On a similar note, the Democrats in Charlotte repeatedly cited the Lilly Ledbetter Act as a monumental achievement of the Obama administration in finally guaranteeing that the women of America would at long last receive equal pay for equal work. This claim undoubtedly confused anyone who recalled The Equal Pay Act of 1963, or Title VII of the Civil Rights Act of 1964, which together made it explicitly illegal to “deny women equal pay for equal work; deny women transfers, promotions, or wage increases; manipulate job evaluations to relegate women’s pay; or intentionally segregate men and women into jobs according to their gender.” The Ledbetter Act offered no new rights for women but a rather a new opportunity for lawyers, expanding the time frame and circumstances for disgruntled employees to sue their employers for gender discrimination. Even if the legislation provided no notable improvement in the workplace status of women, it proved inevitably popular among the president’s enthusiastic colleagues in the legal community.
No wonder that lawyers have proven peerlessly generous in their financial support for Obama and the Democrats. As the Washington Post’s Capital Business Blog reported on July 12, “No other industry has bundled more money for Obama than lawyers … Lawyers and law firms have so far bundled $22.4 million for the president’s reelection bid—significantly more than the $14.5 million the next most generous industry, securities and investments, bundled for Obama. Of the 532 individuals bundling contributions for Obama, at least 128—nearly one in four—are lawyers, and many work at top law firms.”

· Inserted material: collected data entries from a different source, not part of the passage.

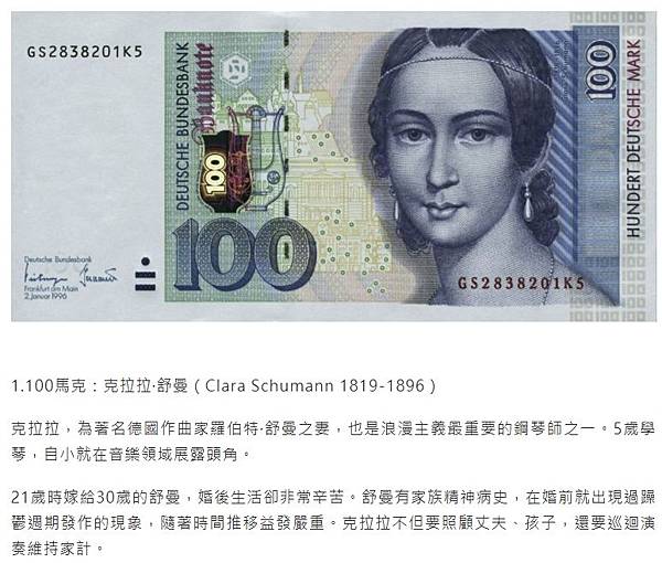 在歐洲,出現在鈔票上的人物除了政治家外,科學家,以及藝術家們也常常入選。舉例來說,高度重視文化藝術的德國,有不少在文化領域有卓越貢獻的人士成為票面人物,當中最引人矚目的,有3位女性: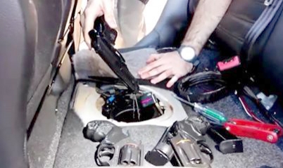 As cinco armas, além de seis carregadores de pistola, estavam dentro do tanque de combustível de um automóvel Volkswagen Golf. Os policiais abordaram o veículo na BR 487, em frente ao Posto Porto Camargo da PRF.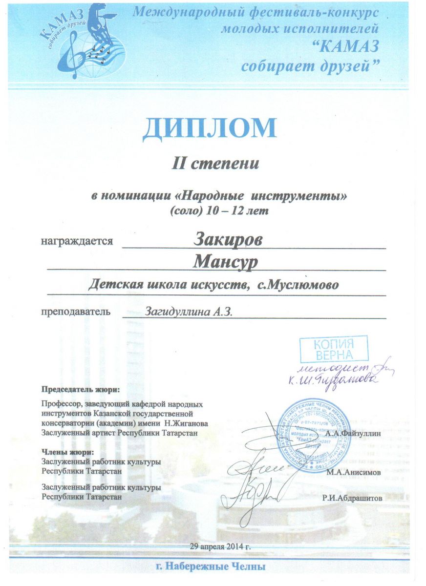 Закиров Мансур. Дипломант II степени международного фестиваль-конкурса "Камаз собирает друзей".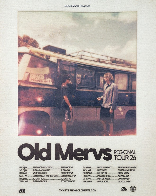 Following the recent announcement of their ‘On a Truck’ festival experience in Albany and Dunsborough, Old Mervs have doubled down and revealed a stack of regional dates for the first quarter of 2026. Dave and Henry will be hitting up regional centres across Western Australia, Victoria, Queensland and New South Wales from January through to March, belting out tracks for their 2025 debut album along with old favorites. Tickets are on sale now!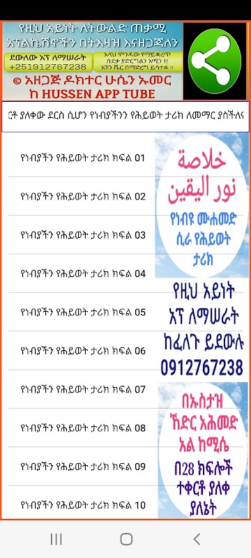 - ในทำนองเดียวกัน หากคุณต้องการสร้างหนังสือ tafsir และ muhadoros ที่ถูกทิ้งไว้โดยอาจารย์หลายคนของ Suna ในรูปแบบของแอปพลิเคชัน และอัปโหลดไปยัง Playstore โปรดติดต่อเราที่หมายเลขโทรศัพท์นี้ +251912768238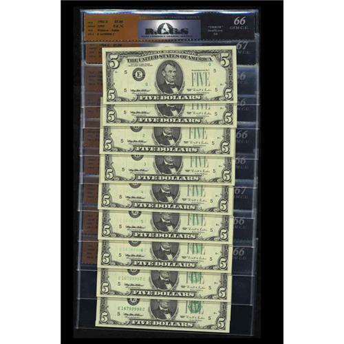 A Run of Fr. 1984-E $5 1995 Federal Reserve Note Third [A Run of Fr. 1984-E $5 1995 Federal Reserve

The association with attorneys may benefit the Democrats in their fund-raising priorities, but the connection could simultaneously damage their vote-getting efforts. The most recent Gallup Poll on Honesty and Ethics in Professions (December 2011) showed 37 percent of Americans who rated lawyers as “very low” or “low” in terms of their integrity—a higher negative number than bankers, business executives, journalists, real estate agents, and even “advertising practitioners,” but not quite as bad as the miserable assessment of lobbyists and, worst of all, members of Congress. But Democrats can hardly take comfort in the fact that the American people hold lobbyists and Congress in even lower esteem than lawyers, especially since most lobbyists and a disproportionate number of legislators worked first as attorneys.
Any attempt by the Obama campaign to tar Republicans for their business connections should provoke an aggressive push-back concerning the domination of Democrats by the legal industry. Americans feel obviously divided in their attitudes toward business, appalled by its excesses but generally recognizing that job growth and economic recovery can only occur when corporations prosper. When it comes to lawyers, however, their predatory practices and endless litigation not only place a crippling burden on struggling enterprises and a faltering economy but make a direct contribution to the soaring costs of medical care and health insurance.

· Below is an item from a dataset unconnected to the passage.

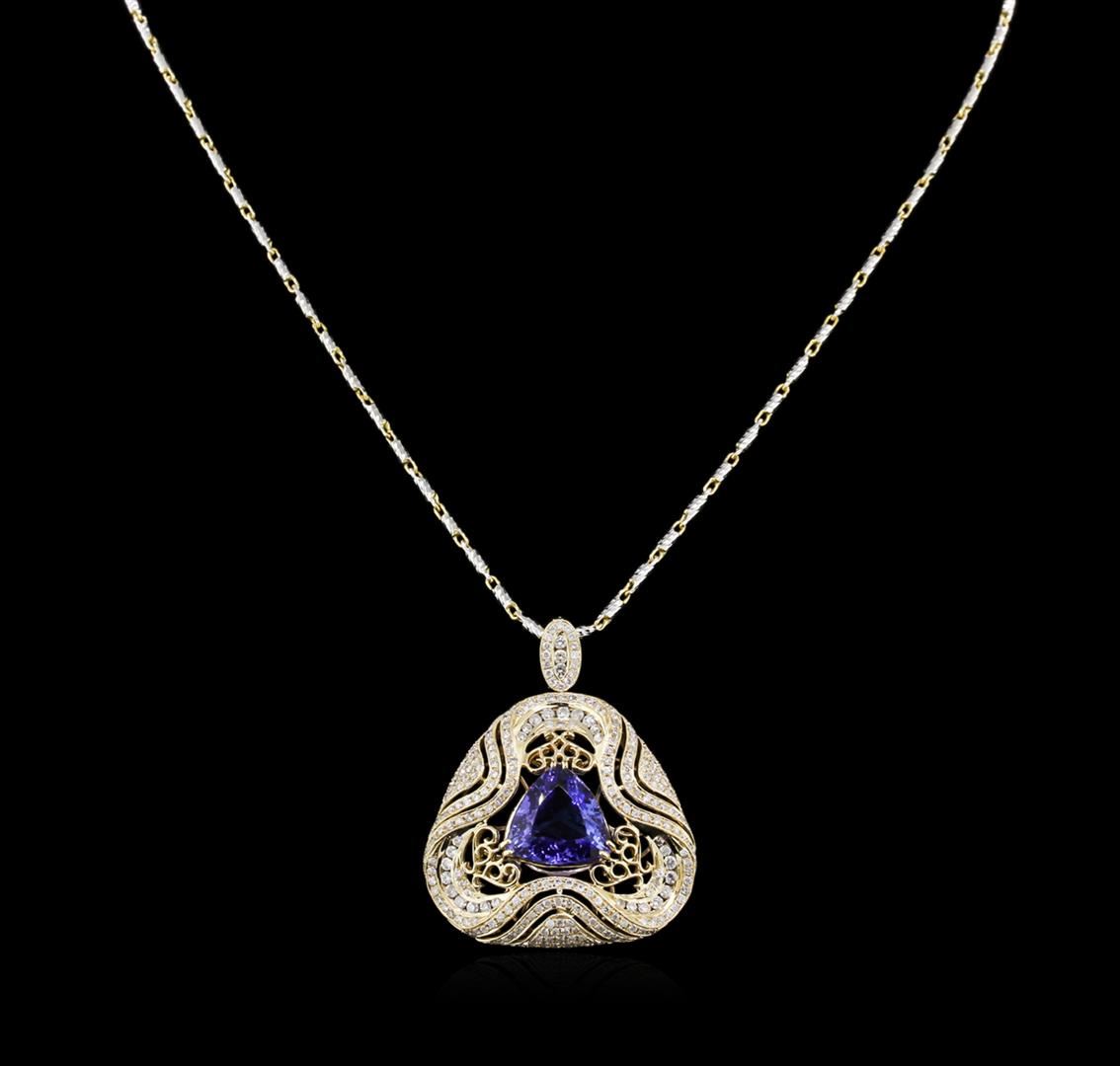 One electronically tested 14KT yellow gold ladies cast & assembled tanzanite and diamond pendant/enhancer with chain. The pendant/enhancer features a tanzanite set within an elaborate diamond lattice gallery, completed by a diamond set snap-locking bail. The pendant/enhancer is supported by an eighteen inch length 14KT yellow gold chain with rhodium accents, terminating in a lobster claw clasp. Bright polish finish with milgrain detailing. Trademark is Orianne. Identified with markings of "14K". Condition is new, good workmanship. Containing: One prong set triangle mixed cut natural tanzanite, measuring 13.20 x 12.80 x 6.60mm, 15%. bulge factor, approximate weight of 8.09ct., clarity is eye clean, type I, medium dark, very slightly grayish, bluish violet color, (GIA bV 6/3), cut is good. Transmitting light with no distortion, transparent. Colored Stone Grading Report attached. Graded in the setting. Tanzanite is a very rare gemstone that is only found in the country of Tanzania. Originally discovered in 1967. Tiffany & Company, named the stone Tanzanite. It is found in the Usumburu Mountains that border the Umba Valley of northern Tanzania. Tanzanite occurs in gray, brown, violet, blue, reddish-purple, & green. The gem is interesting because of its exceptional pleochroism. Rotated in different directions a tanzanite will exhibit multiple changes of color. Tanzanite has a low tolerance to ultrasonic cleaning, and should not be cleaned using this method. Two Hundred Seventy-Four prong & channel set round brilliant cut diamonds approximate total weight of 274 Stones = 2.24ct. Graded in the setting. Clarity: SI-2 to I-1. Color: G - I. Total Weight of Colored Stones 8.09ct. Total Weight of Diamonds 2.24ct. Total Weight of Pendant/Enhancer With Chain 23.05gm. AIG Appraised at $28,915.00.

While liberals argue about how many jobs Mitt Romney created at Bain Capital, conservatives should demand evidence that the Obamas and Biden (or other leaders of that lawyer-ridden party) created any jobs at all in their profitable practice of law. The public may not instinctively embrace a wealthy capitalist like Romney but there’s no reason to assume that Americans can more comfortably rely on a major political party of the lawyers, by the lawyers, and for the lawyers.